TRY IT:
Skip the pictures and write out, word for word, the lines below from the one with "筚路蓝缕铸辉煌,奋楫扬帆再启" through the one with "in any direction.", inclusive.

____ EXTRACTED INFORMATION

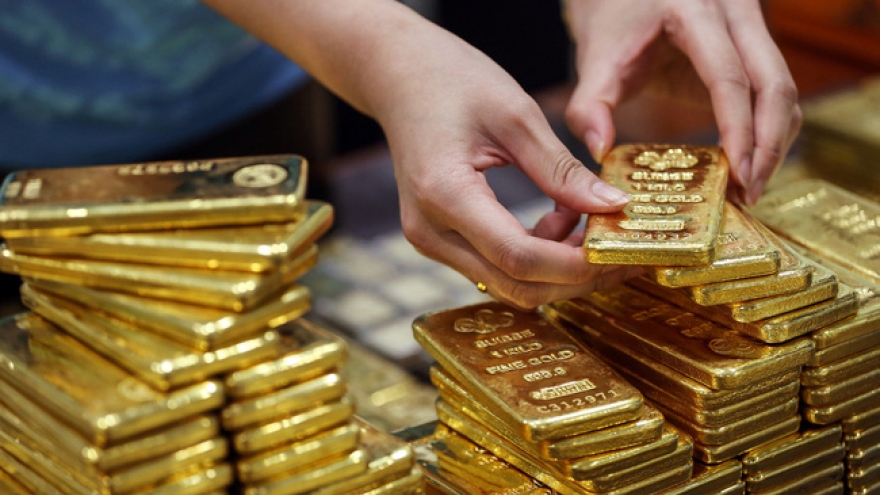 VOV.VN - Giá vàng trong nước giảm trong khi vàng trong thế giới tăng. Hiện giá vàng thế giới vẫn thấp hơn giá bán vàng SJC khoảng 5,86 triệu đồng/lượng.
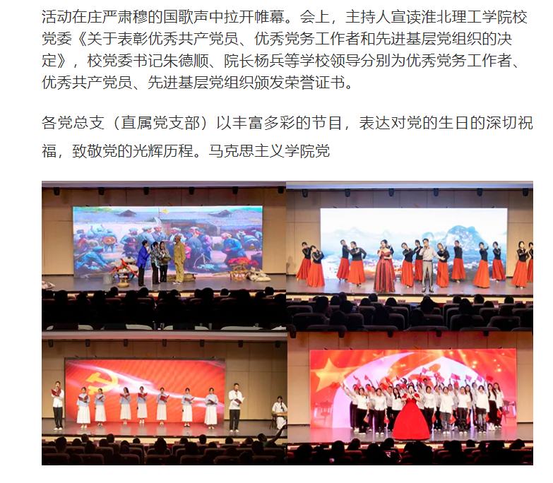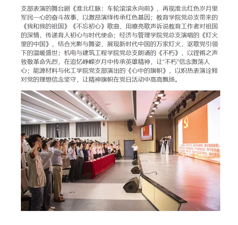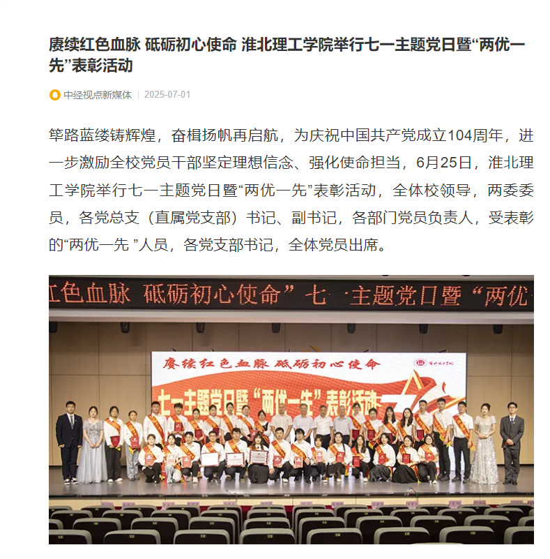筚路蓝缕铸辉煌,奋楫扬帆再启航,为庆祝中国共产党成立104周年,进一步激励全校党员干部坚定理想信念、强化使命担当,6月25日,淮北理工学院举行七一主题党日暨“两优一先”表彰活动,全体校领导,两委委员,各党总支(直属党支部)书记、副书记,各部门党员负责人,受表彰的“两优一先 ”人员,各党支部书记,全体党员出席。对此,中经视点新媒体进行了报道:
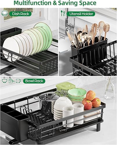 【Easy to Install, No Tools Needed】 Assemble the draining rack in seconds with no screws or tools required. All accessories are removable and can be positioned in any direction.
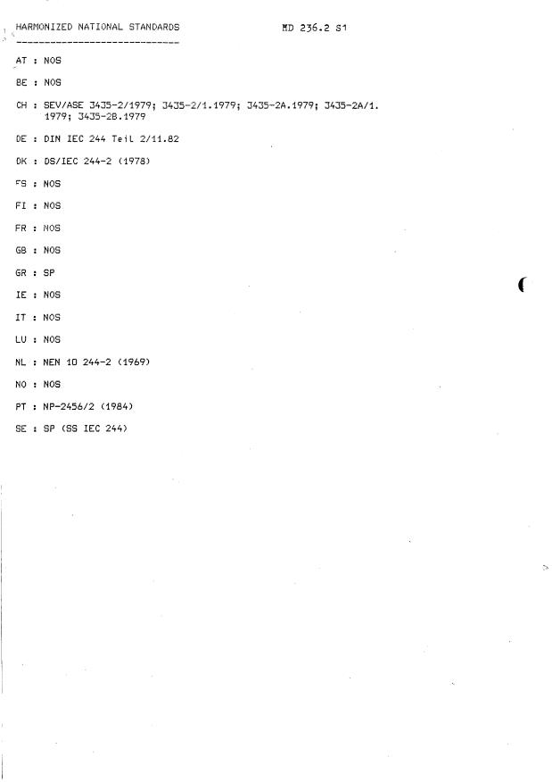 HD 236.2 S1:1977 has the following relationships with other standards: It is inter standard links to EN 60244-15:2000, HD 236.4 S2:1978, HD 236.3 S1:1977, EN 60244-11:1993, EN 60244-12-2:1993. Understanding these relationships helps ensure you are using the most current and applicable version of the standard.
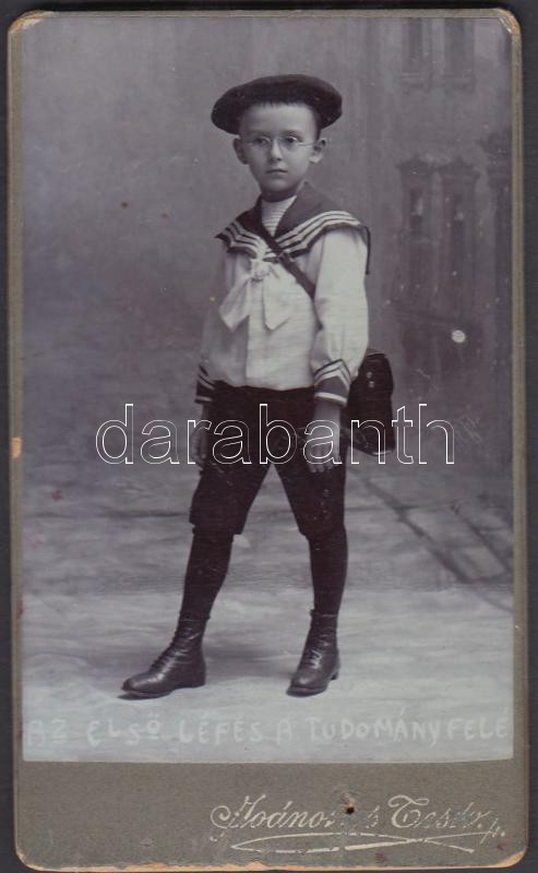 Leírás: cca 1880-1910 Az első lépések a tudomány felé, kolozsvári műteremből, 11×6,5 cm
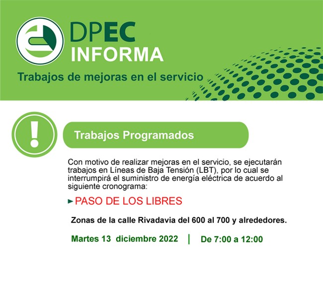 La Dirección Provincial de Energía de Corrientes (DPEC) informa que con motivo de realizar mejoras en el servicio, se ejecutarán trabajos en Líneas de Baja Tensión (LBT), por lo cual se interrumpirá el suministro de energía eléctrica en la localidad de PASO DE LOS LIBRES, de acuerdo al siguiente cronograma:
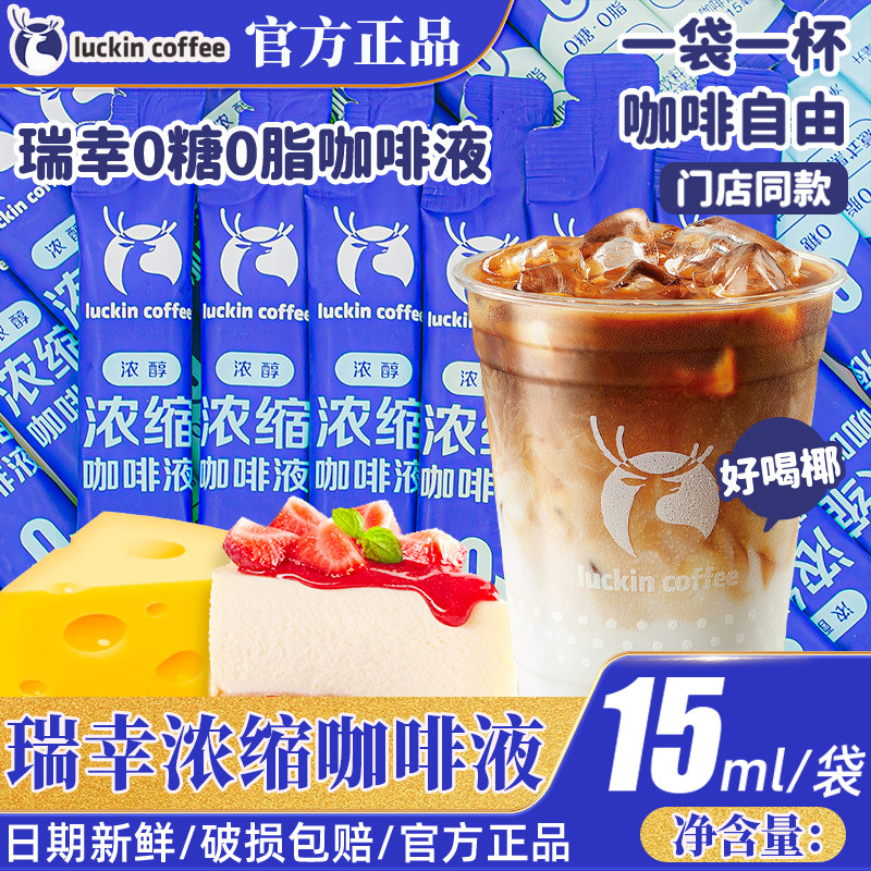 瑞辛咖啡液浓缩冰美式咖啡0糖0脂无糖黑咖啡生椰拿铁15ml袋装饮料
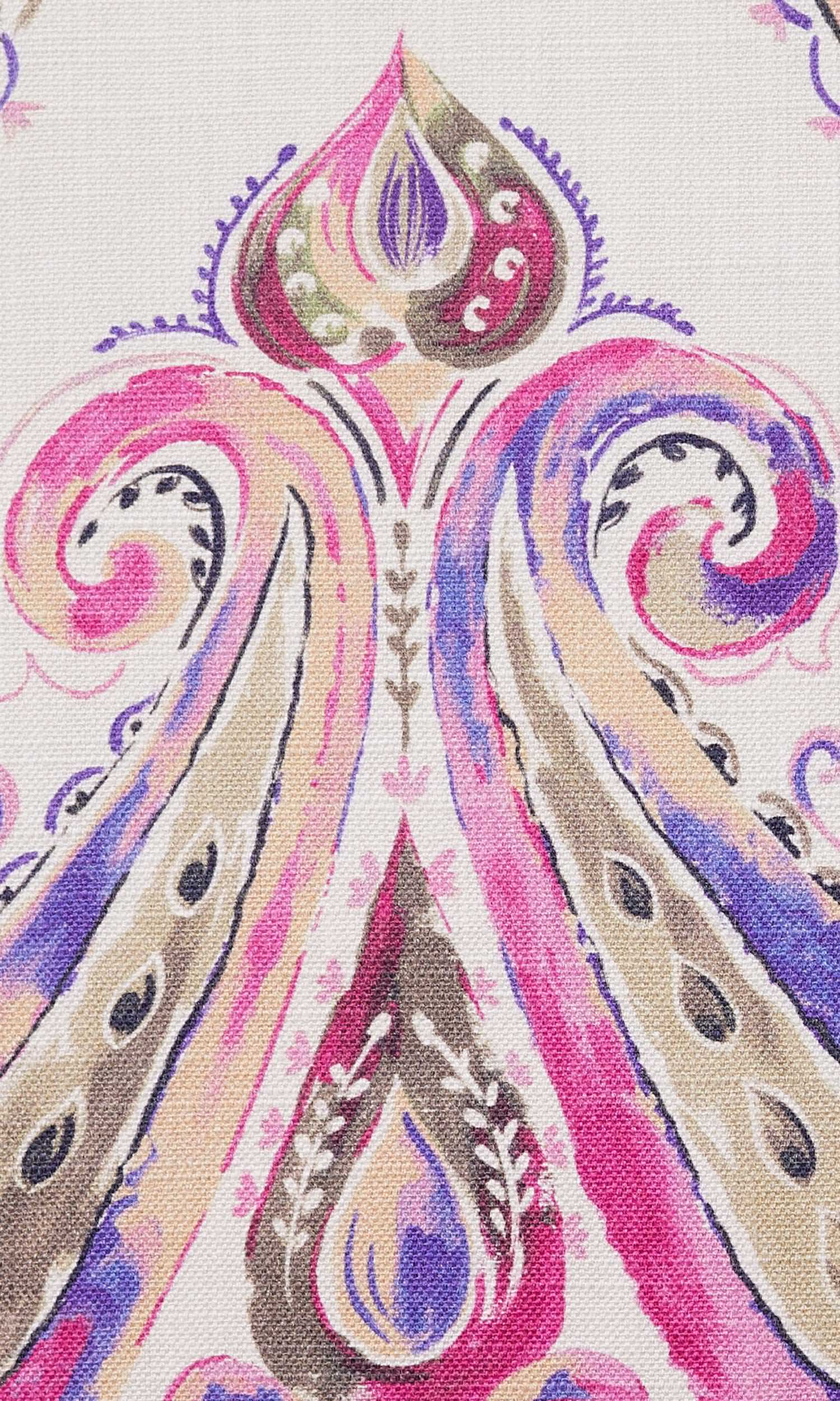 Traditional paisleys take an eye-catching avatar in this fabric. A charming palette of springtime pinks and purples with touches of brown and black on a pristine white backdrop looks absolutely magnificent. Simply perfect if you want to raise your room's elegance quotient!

________

OUTPUT OF THE EXERCISE:
筚路蓝缕铸辉煌,奋楫扬帆再启航,为庆祝中国共产党成立104周年,进一步激励全校党员干部坚定理想信念、强化使命担当,6月25日,淮北理工学院举行七一主题党日暨“两优一先”表彰活动,全体校领导,两委委员,各党总支(直属党支部)书记、副书记,各部门党员负责人,受表彰的“两优一先 ”人员,各党支部书记,全体党员出席。对此,中经视点新媒体进行了报道:
 【Easy to Install, No Tools Needed】 Assemble the draining rack in seconds with no screws or tools required. All accessories are removable and can be positioned in any direction.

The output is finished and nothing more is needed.